Teste de propriedade pra matcher e composer. Pra qualquer fact set, o conjunto candidato é superset do conjunto que disparou. Pra qualquer resultado de ação, o Result composto obedece a política de resolução. Esses testes não prendem comportamento específico; prendem invariante. Teste de propriedade é o tipo de teste que acha bug que ninguém escreveu teste pra pegar.

O formato que torna esses quatro baldes baratos é o próprio pipeline. Estágio com input e output tipado se testa. Engine opaco não.

O que o pipeline explícito te compra

Três coisas, principalmente.

Tempo de debug cai. A escalada de quarenta e cinco minutos do começo vira lookup de dois minutos. A explicação diz pro time onde no pipeline a coisa surpreendente aconteceu.

Trabalho de performance vira focado. Quando o p99 sobe, a latência por estágio emitida pelo listener diz pro time se o gargalo é match, evaluate ou execute. Sem fronteira de estágio, o único dado é “Execute tá lento”.

Mudança arquitetural vira segura. Trocar o matcher de linear pra indexed é troca numa fronteira. Trocar o composer de last-write-wins pra aditivo é troca numa fronteira. Cada troca é code review de uma interface, não rearquitetura do engine.

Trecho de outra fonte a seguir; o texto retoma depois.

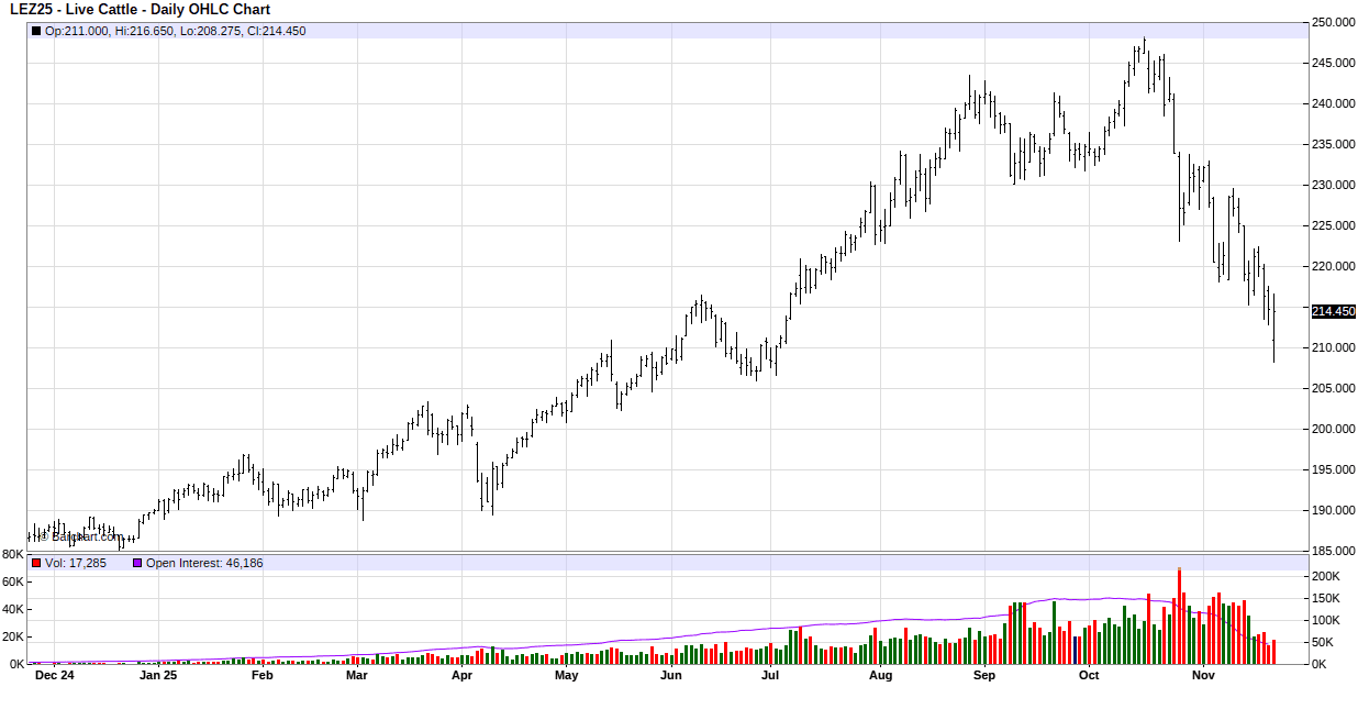 For the week, Dec live cattle closed at $214.45 down $4.70. November feeder cattle expired at $340.65 up $1.975 while the Jan feeder cattle closed at $314.225 down $6.325.

O custo são as interfaces. O engine sobe com um tipo Engine e quatro interfaces internas — Matcher, Evaluator, Executor, Composer — cada uma implementada por um tipo concreto. As interfaces parecem cerimônia até o dia em que alguém quer testar o composer sem matcher de verdade na frente.

O que vem a seguir

O próximo post é teste — não no abstrato, mas no formato específico que esses estágios habilitam. Teste table-driven pro matcher. Golden test pra ponta-a-ponta. Teste de propriedade pra invariante. O vocabulário de testar um rule engine, depois que o engine foi aberto em peças nomeadas.

O post seguinte é explicabilidade — o artefato que todo estágio desse post alimentou. Explicabilidade é o que vira o engine de uma caixa preta num sistema que o time consegue operar. É também onde as fronteiras registradas desse post viram o diff que um postmortem lê.

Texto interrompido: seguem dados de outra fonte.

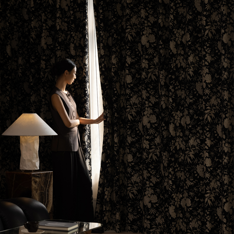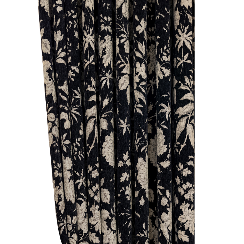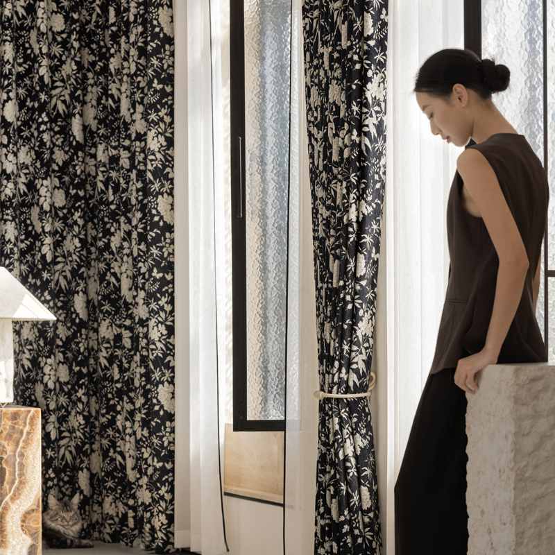 中式轻奢高窗帘遮光雪尼尔提花卧室防风隔音客厅水墨黑保暖飘窗布

Por enquanto, a lição é o pipeline. Rule engine que roda em um passo é engine que não consegue se defender quando alguma coisa dá errado. Rule engine feito de estágios é engine que o time consegue interrogar. O primeiro tipo de engine você consegue shippar numa semana. O segundo tipo de engine você consegue manter rodando por cinco anos.

A escalada que começou esse post nunca se repetiu. Não porque o bug fosse raro. Porque na próxima vez que alguém escalou, o engine produziu uma explicação e a conversa acabou antes do segundo café.